注意：您可能需要重启内核以使用更新的包。

我们将使用 Hugging Face Hub 作为远程模型版本控制服务。这意味着在训练过程中，我们会自动将模型、日志和信息推送到 Hub。为此，您必须在 Hugging Face 上注册。注册账号后，我们将使用 huggingface_hub 包中的登录工具登录到我们的账户，并将我们的令牌（访问密钥）存储在磁盘上。

from huggingface_hub import login
 
login(token="", add_to_git_credential=True) # ADD YOUR TOKEN HERE

2. 从倒计时游戏中生成带有推理前缀的训练样本

我们将使用 Jiayi-Pan/Countdown-Tasks-3to4 数据集，其中包含 3 到 4 个数字及其解决方案的样本。

作为模型，我们将使用 Qwen/Qwen2.5-3B-Instruct，这是一个具有 30 亿参数的指令微调模型。这使得展示“顿悟时刻”变得更加容易，因为它已经遵循提示格式。但你也可以使用 Qwen 的基础版本或其他模型。Jiayi-Pan 探索发现，模型需要具备一定的质量才能学习推理过程，起始参数需大于 15 亿。

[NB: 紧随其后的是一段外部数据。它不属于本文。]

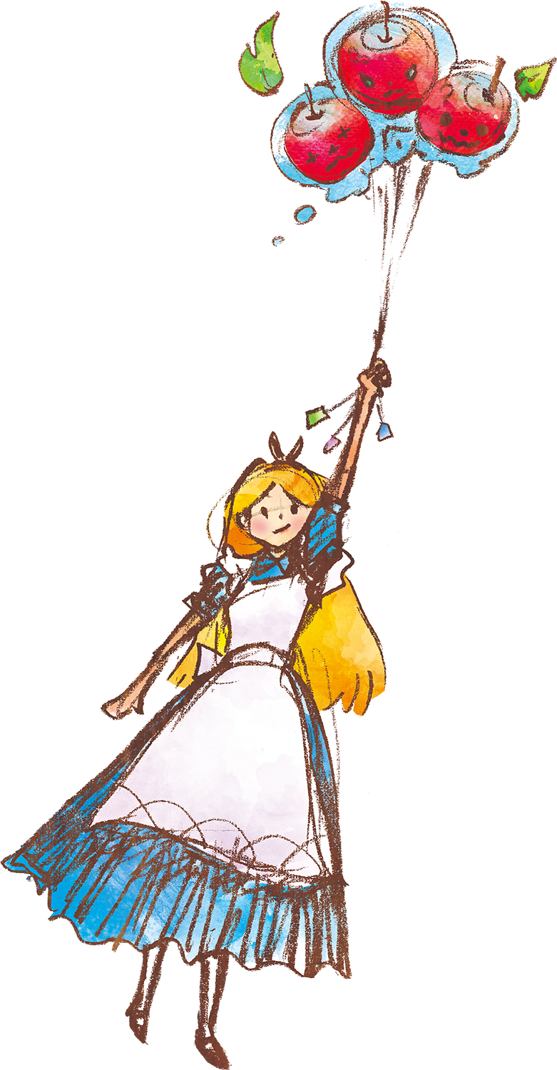 国産果物、無加糖、果汁100%の人気商品「ディーとダムのアップルスムージー」の他、 昨シーズン完売した「アクリルキーホルダー」の新デザインが登場。また、今治タオルとコラボしたアリスツアーズ特製ハンドタオルが新登場します。
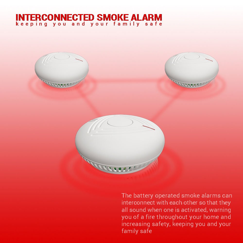 【Interlinked Smoke Alarm】the wireless battery-operated interlinked smoke alarms can interconnect with each other. One goes all go wireless interconnected smoke alarms so that they all sound when one is activated, warning you of fire throughout your home and increasing safety, keeping you and your family safe
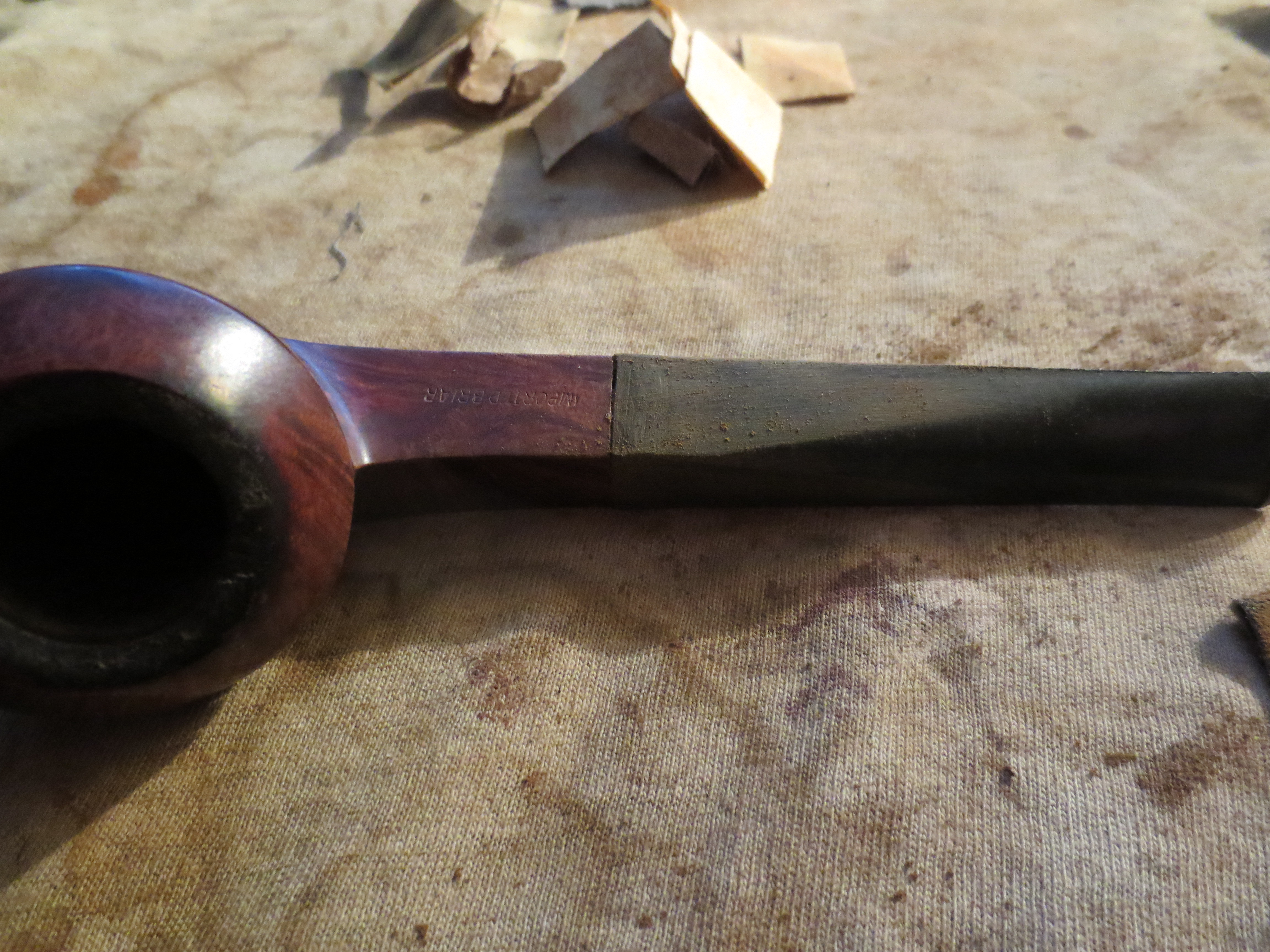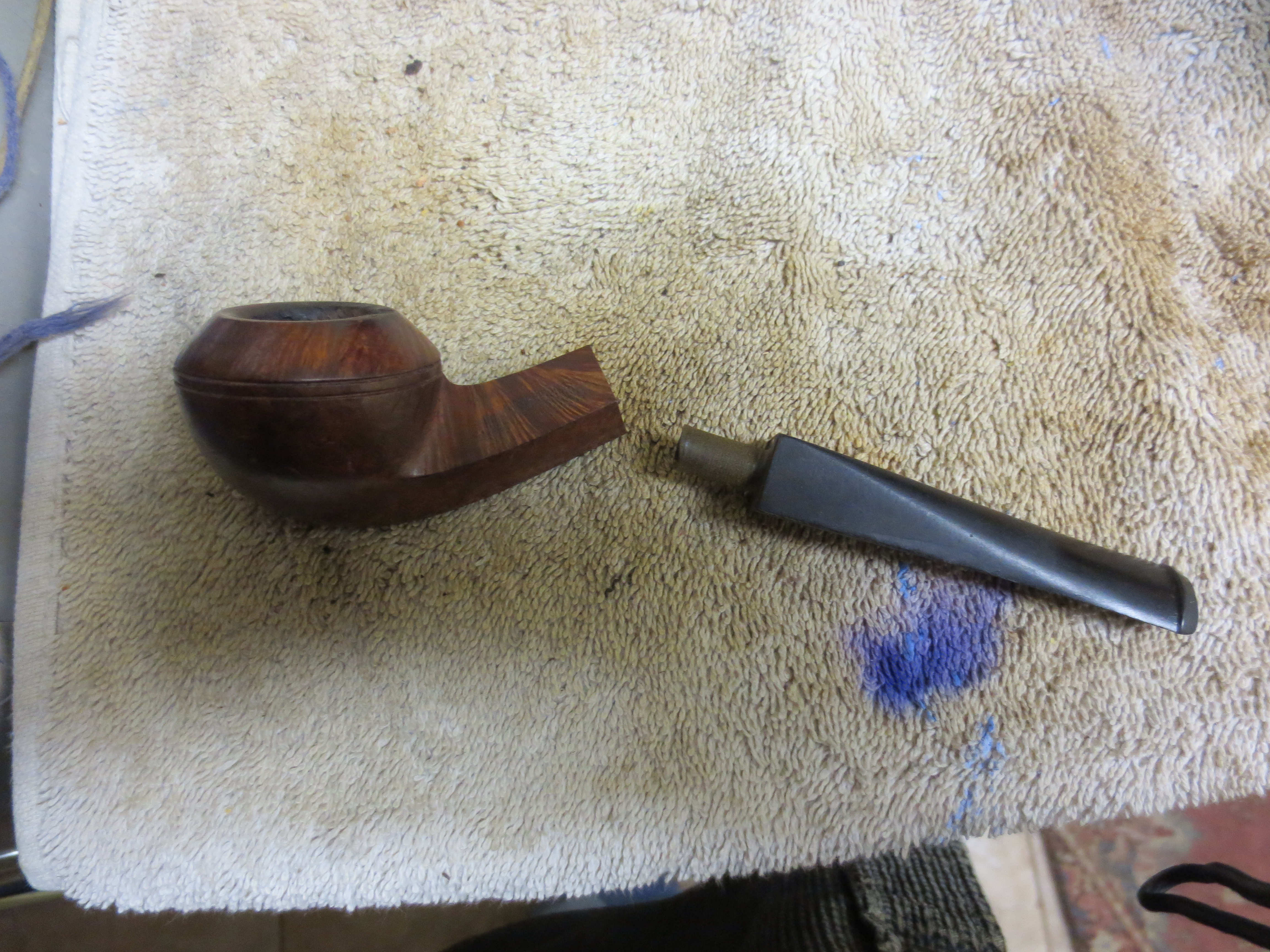 This little bent bulldog is the last of the briar stummels in the EBay lot I picked up. It is a nice little dog and I saved it for last as I find that the diamond shank stems are a bear to fit correctly. Bent diamond shanks are even harder in my opinion. I had quite a few stems to choose from in my can of stems so a new stem was not a problem. The issue really was getting all the sides and angles to line up and look right. Restemming these is a tricky proposition. This one had crosshatched stamping on the left side of the shank that obliterated the stamping of the name on it. On the right side it is stamped Imported Briar which I am assuming makes it an American made pipe. It had some nice grain under the dark stain and varnish coat. The bowl had a very poorly formed cake with many chunks missing. The rim was thick with a tar and oil build up but surprisingly was not dented or damaged by burns or over reaming. The end of the shank which would butt up against the stem was pristine with no damage or cracks. I love it when I can work on a pipe that does not need banding. It is a challenge to get a good clean fit on the stem. This would thus be a double challenge.
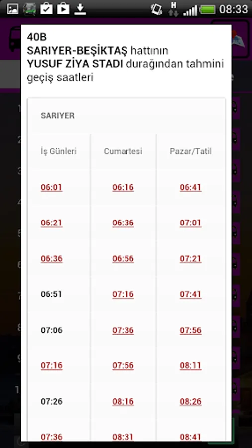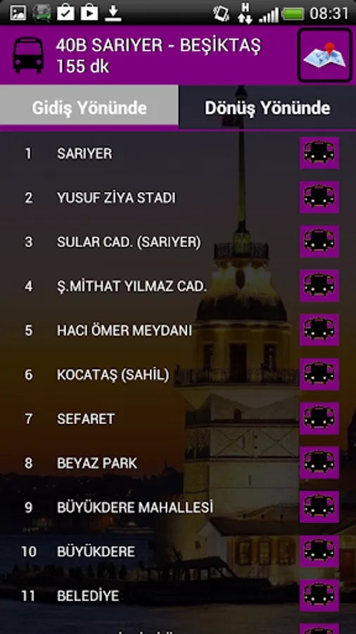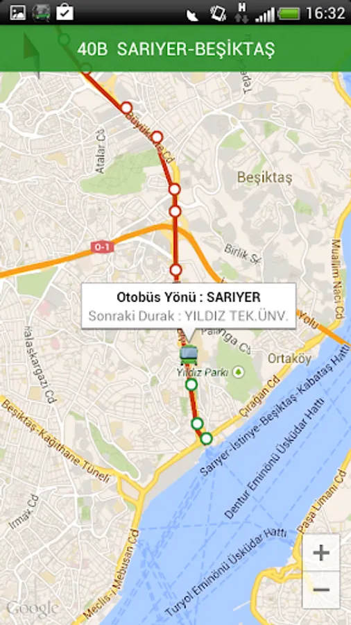 - Otobüs hattının tüm duraklarının haritada gösterilmesi
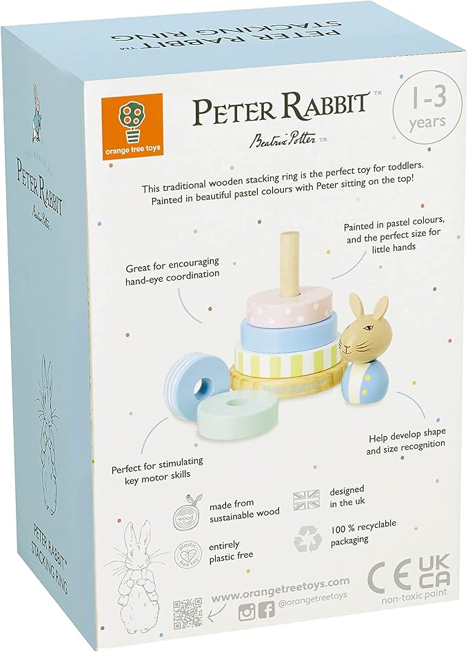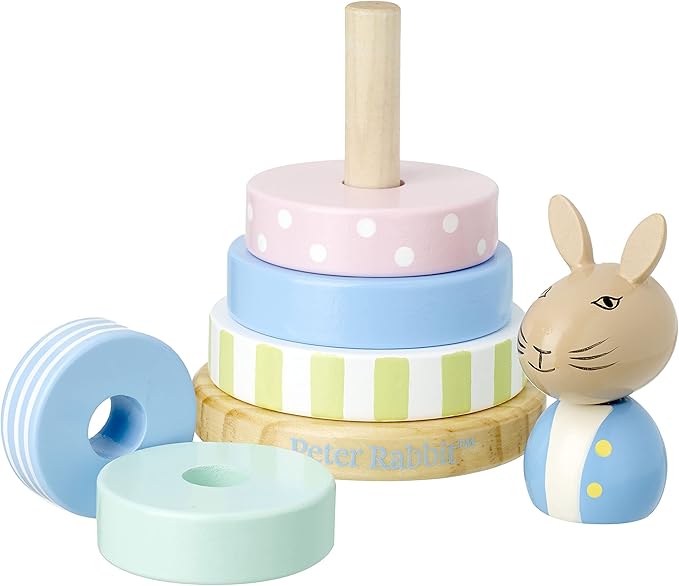 - This traditional wooden stacking ring is the perfect toy for toddlers. Painted in beautiful pastel colors and patterns, with Peter sitting on the top!

from transformers import AutoTokenizer
from datasets import load_dataset
 
# Load dataset from Hugging Face Hub
dataset_id = "Jiayi-Pan/Countdown-Tasks-3to4"
dataset = load_dataset(dataset_id, split="train")
# select a random subset of 50k samples
dataset = dataset.shuffle(seed=42).select(range(50000))
 
# Load tokenizer from Hugging Face Hub to format the dataset to our "r1" prompt 
tokenizer = AutoTokenizer.from_pretrained("Qwen/Qwen2.5-3B-Instruct")
 
# gemerate r1 prompt with a prefix for the model to already start with the thinking process
def generate_r1_prompt(numbers, target):
    r1_prefix = [{
        "role": "system",
        "content": "You are a helpful assistant. You first thinks about the reasoning process in the mind and then provides the user with the answer."
      },
      { 
        "role": "user",
        "content": f"Using the numbers {numbers}, create an equation that equals {target}. You can use basic arithmetic operations (+, -, *, /) and each number can only be used once. Show your work in <think> </think> tags. And return the final equation and answer in <answer> </answer> tags, for example <answer> (1 + 2) / 3 = 1 </answer>."
      },
      {
        "role": "assistant",
        "content": "Let me solve this step by step.\n<think>"
      }]
    return {"prompt": tokenizer.apply_chat_template(r1_prefix, tokenize=False, continue_final_message=True), "target": target}
 
# convert our dataset to the r1 prompt
dataset = dataset.map(lambda x: generate_r1_prompt(x["nums"], x["target"]))
 
# split the dataset into train and test
train_test_split = dataset.train_test_split(test_size=0.1)
 
train_dataset = train_test_split["train"]
test_dataset = train_test_split["test"]

3. 使用 GRPO 训练模型（教育部分）

注意：第 3 节展示了如何使用 TRL 和 GRPO 的基本内容。如果要运行交互式代码单元，需要安装 bitsandbytes 和 peft，因为它们是 Trainer 类的必需项。本节主要用于教育目的。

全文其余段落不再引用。